JP2003002421A - Supplying device of powder and grain - Google Patents

Abstract

PROBLEM TO BE SOLVED: To solve a problem wherein powder and grain overflow from a chute part caused by clogging of a discharge pipe to charge maximum load to a transfer part. SOLUTION: This supplying device comprises a hopper part 2 for storing the powder and grain, the transfer part 3 for transferring the stored powder and grain out of the hopper part 2, the chute part 4 that is connected to the terminal end of the transfer of the transfer part 3 and receives the transferred powder and grain, the discharge pipe 5 that is connected to the lower part of the chute part 4 and discharges the powder and grain inputted into the chute part 4 to a supplied destination, and an overflow pipe 31 that is connected to the upper part than the discharge pipe 5 in the chute part 4 and returns the powder and grain accumulating in the chute part 4 to the hopper part 2.

Description

Detailed Description of the Invention

[0001]

BACKGROUND OF THE INVENTION 1. Field of the Invention The present invention relates to a powdery or granular material supply device for supplying powdery or granular material such as fertilizer to a fertilizer applicator or the like.

[0002]

2. Description of the Related Art As a powder and granular material supply device of this type, a distribution device for distributing and supplying a fertilizer as a powder and granular material to a plurality of fertilizer hoppers provided in a fertilizer applicator is Mitsubo No. 300363.
No. 1 and Jitsubo No. 3068426 are known. This device has an inverted quadrangular pyramid shape and is capable of accommodating fertilizer inside, a hopper provided in the hopper in an upright state, a conveyor for transferring fertilizer in the hopper upward, and connected to the upper end of this conveyor. In addition, it has a cylindrical chute into which the fertilizer transferred upward is introduced, and a discharge pipe connected to the lower end of the chute.

Then, by operating the conveyor with the discharge pipe directed toward the fertilizer hopper of the fertilizer applicator, the fertilizer in the hopper is transferred upward and is also charged into the chute, and is flowed from the chute to the discharge pipe to be used as fertilizer. It was supposed to be supplied to the hopper.

[0004]

The discharge pipe has a bellows portion whose directional angle is variable so that the fertilizer can be distributed and supplied to a plurality of fertilizer hoppers of the fertilizer applicator. However, if the discharge pipe is largely bent at the bellows portion, the flow of the fertilizer is obstructed and clogged, and the fertilizer may stay in the chute and overflow. Also, when the fertilizer hopper of the fertilizer applicator is full and the supply is continued, the fertilizer may overflow in the chute part.

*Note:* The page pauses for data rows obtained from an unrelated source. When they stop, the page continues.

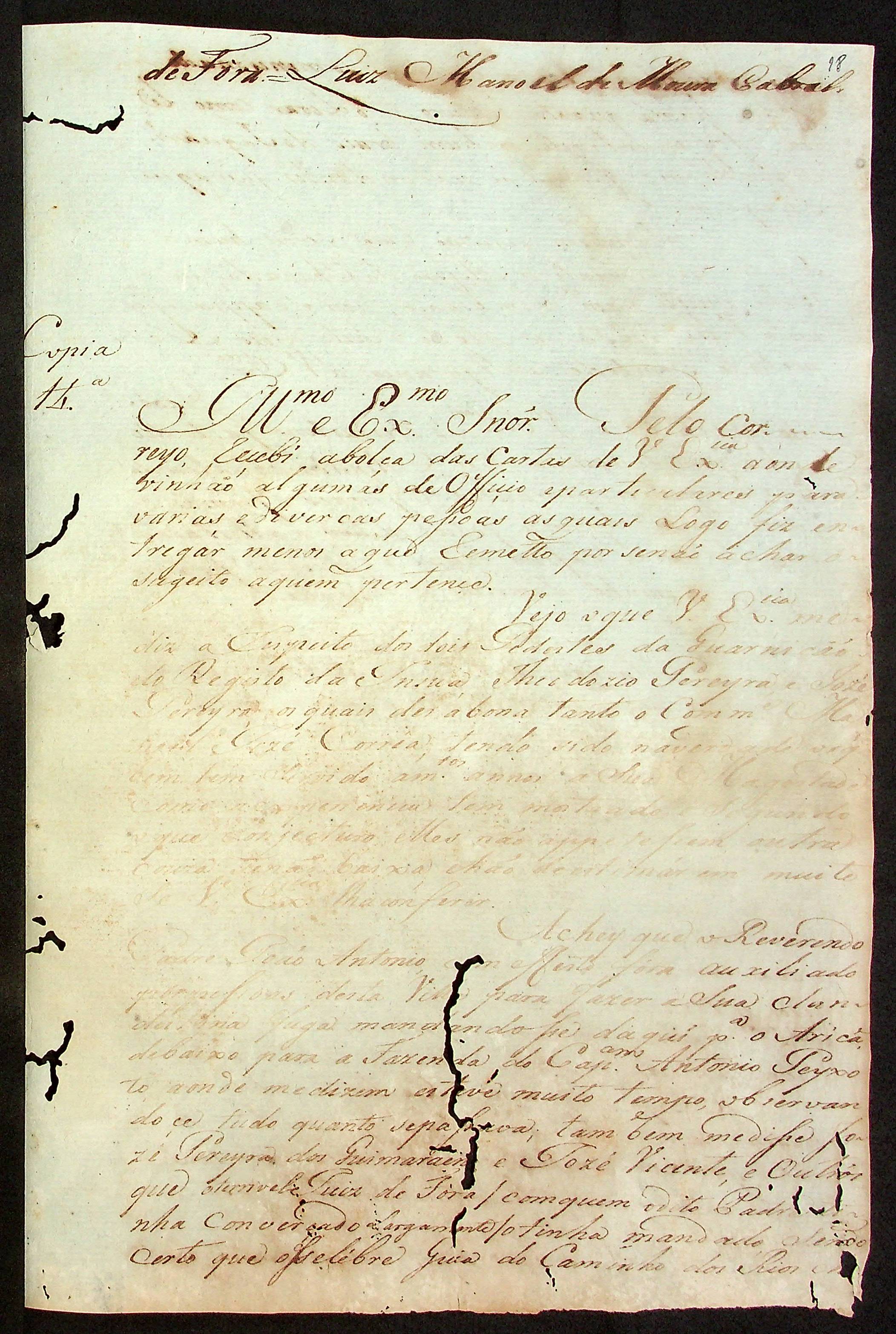 CARTA (cópia/conjunta) do [Mestre de Campo] Antônio José Pinto de Figueiredo ao [Governador e Capitão-General da Capitania de Mato Grosso] João de Albuquerque de Mello Pereira e Cáceres.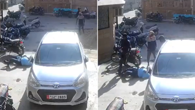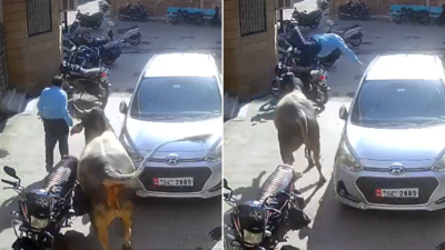 वायरल CCTV फुटेज किसी कंस्ट्रक्शन साइट की लगती है, जहां क्लिप की शुरुआत में एक कार के सामने 2 बाइक और उसके बीचो-बीच एक सांड खड़ा होता है। इतने में जैसे ही एक व्यक्ति बाई ओर से आता है, तो सांड उसे देखकर उसके पीछे-पीछे आ जाता है। फिर महज कुछ कदम जाकर सांड उस शख्स को पीछे से अपनी सींगों में फंसाकर उछाल देता है।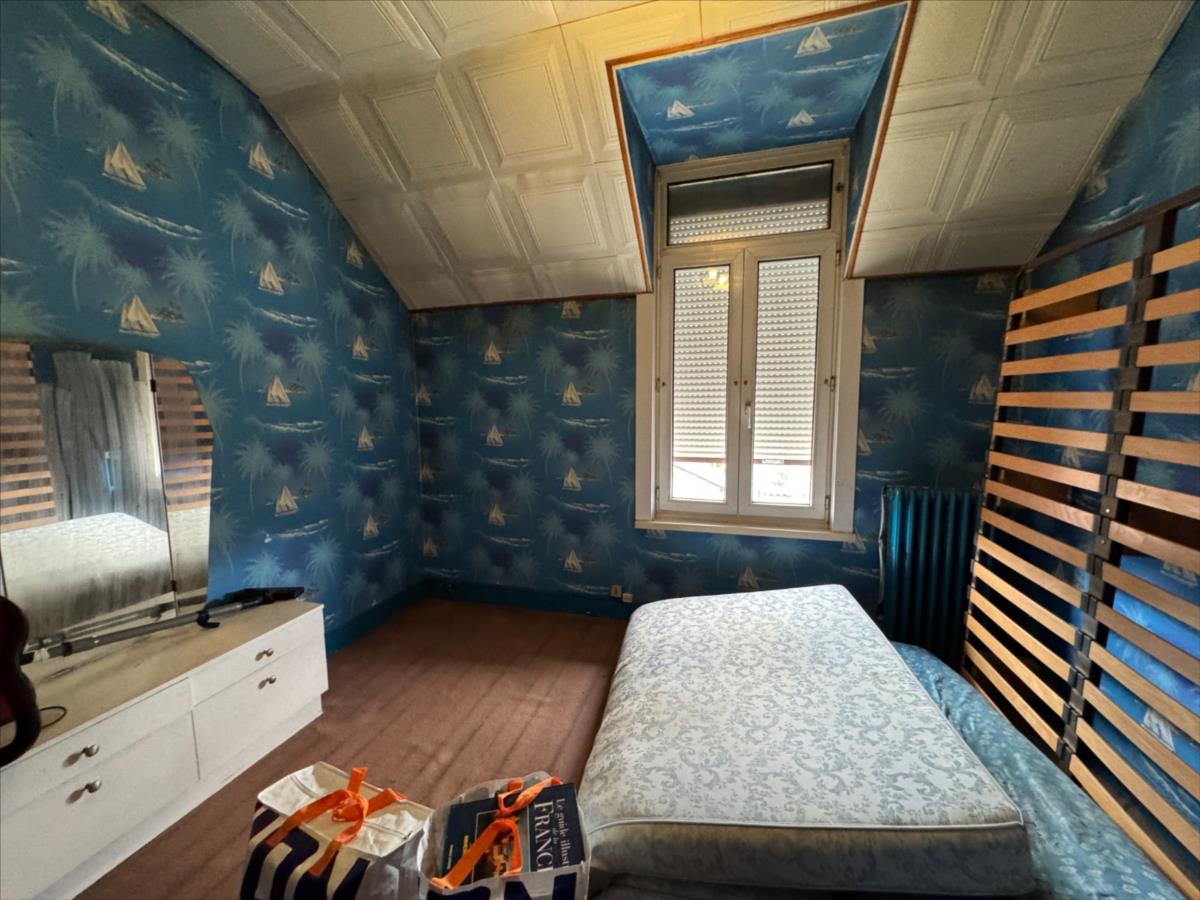 A l'étage : palier, 2 chambres, salle de douche.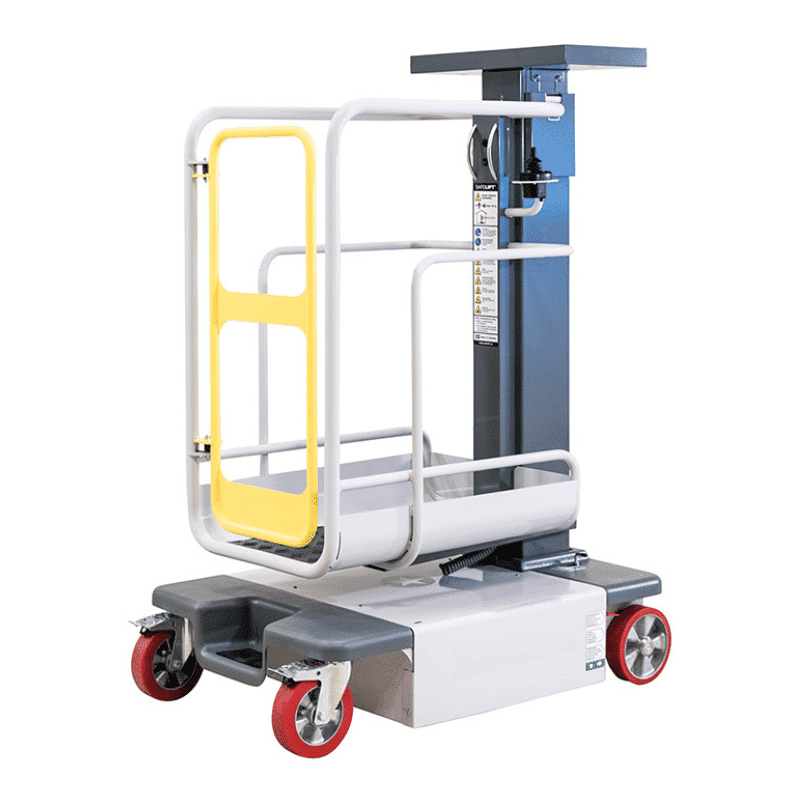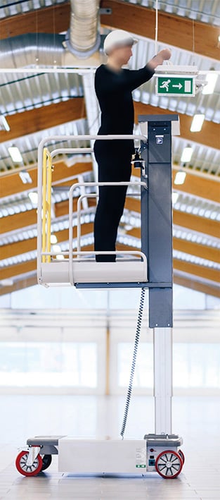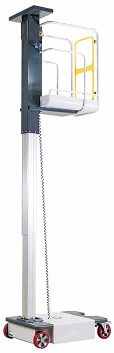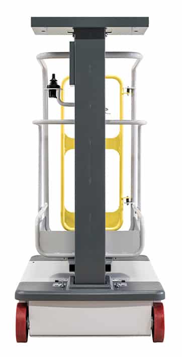 - Compact, polyvalente et équipée d'un mât vertical, cette mininacelle permet l'élévation de personnes en toute sécurité jusqu'à une hauteur de travail de 4950 mm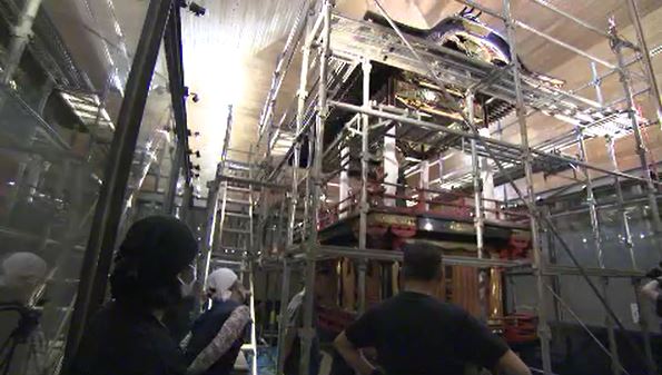 葛飾北斎が製作に携わった祭屋台(まつりやたい)が、初めて小布施町の北斎館以外で展示されることになり、13日から屋台の解体が始まりました。小布施町の「北斎館」に展示されている「上町祭屋台(かんまちまつり…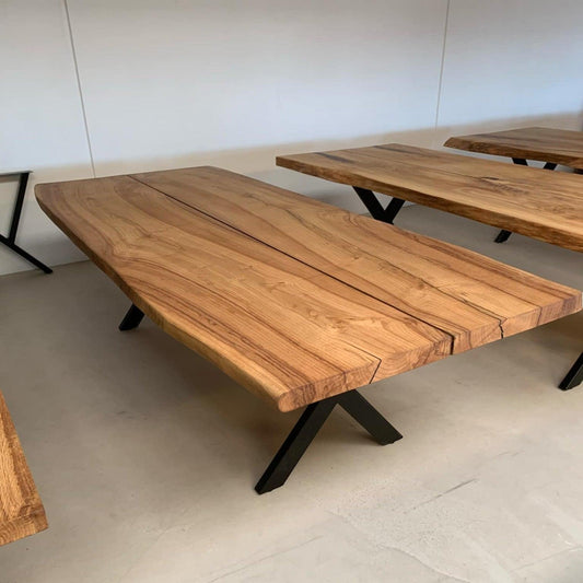 Samlinger, slibning og behandling udføres i flere trin, og vi dokumenterer processen, så du ved, hvad du får. Det er håndværk uden genveje – møbler, der patinerer smukt og fungerer i hverdagen, uanset om bordet bruges som skriveplads, samlingspunkt eller spisebord.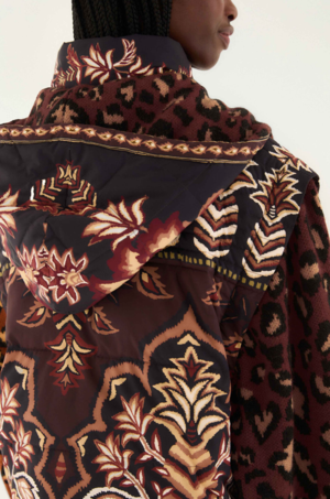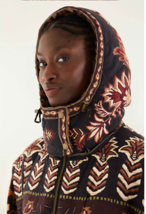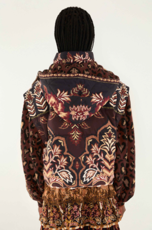 The Brown Winter Ainika Puffer Jacket invites cozy comfort with its rich brown hues and playful fusion of ornate floral and delicate leopard patterns. Its structured silhouette and high neckline wrap softly around you, while the detachable hood adds versatility. The harmonious contrast of plush animal print sleeves against the quilted, patterned bodice radiates warmth and approachable elegance, making this outerwear a joyful statement on chilly days. Fabric: 100% Polyester; 55% Acrylic, 35% Polyamide, 10% Wool Hand wash separately, do not bleach, do not tumble dry, dry flat, iron at low heat, do not dry clean. Closure: Centre front zipper Button Type: Metal button Pockets: Patch pockets Sleeve Type: Long Sleeve Fits true to size. We recommend taking your regular size.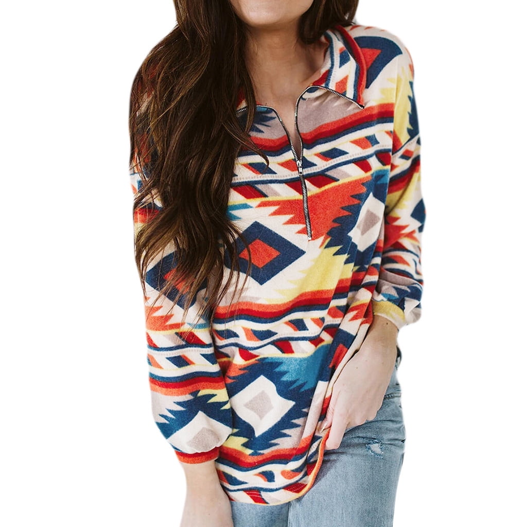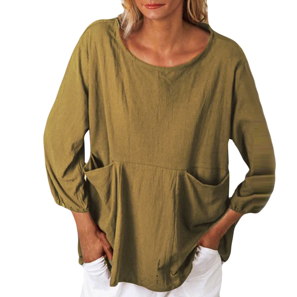 Ouneed Women Cotton O-Neck Printed Long plus size tops uk

When the fertilizer overflows in the chute portion in this way, an excessive load is applied to the conveyer which continuously inputs the fertilizer, which causes a failure, and the fertilizer is overflowed from the conveyer despite the overflow. When the fertilizer was thrown in, the fertilizer was pushed into the chute, and it took a lot of labor and time to take out the fertilizer from the chute and the discharge pipe thereafter. By the way, as fertilizers for crops, there are chemical fertilizers containing various fertilizer elements in a predetermined ratio in advance. However, these chemical fertilizers have a single component mixture ratio and are expensive, and recently, soil fertilizer It is often practiced to independently mix and use a plurality of types of simple fertilizers, secondary elements, and trace elements according to the type of crops.

However, such a fertilizer mixing operation is an operation individually performed as a preparatory step of the supply operation by the above-mentioned supply device, and it requires a new labor and burden, and therefore, the same fertilizer is used. There has been a strong demand to mix fertilizers using the handling equipment handled, and achieving this has been an issue. On the other hand, the above-mentioned feeding device is mounted on a truck bed, moved to the field, and feeds fertilizer to the fertilizer applicator while being mounted on the truck bed. Since it was fixed, the direction in which fertilizer could be supplied was determined when the supply device was placed on the carrier.

Therefore, the truck is moved so that the fertilizer supply direction matches the standby position of the fertilizer applicator, or the feeder is set, or the fertilizer applicator is detoured so as to match the fertilizer supply direction. It was necessary, and it took a lot of time and effort at the preparation stage before the shift to the supply work, which caused the work efficiency to deteriorate. The present invention aims to solve the above problems.

[0008]

The present invention takes the following technical means in order to achieve the above object. The powdery- or granular-material supplying apparatus according to the present invention is connected to a hopper portion for storing the powdery or granular material, a transfer portion for transferring the powdery or granular material accommodated in the hopper portion upward, and a transfer end of the transfer portion. And a chute part into which the transferred powder and granules are charged, a discharge pipe connected to the lower part of the chute part and discharging the powder and granules charged into the chute part to a supply target, and the chute in the chute part An overflow pipe connected to a higher level than the discharge pipe and returning the powder or granular material accumulated in the chute portion at a predetermined amount or more to the hopper portion again.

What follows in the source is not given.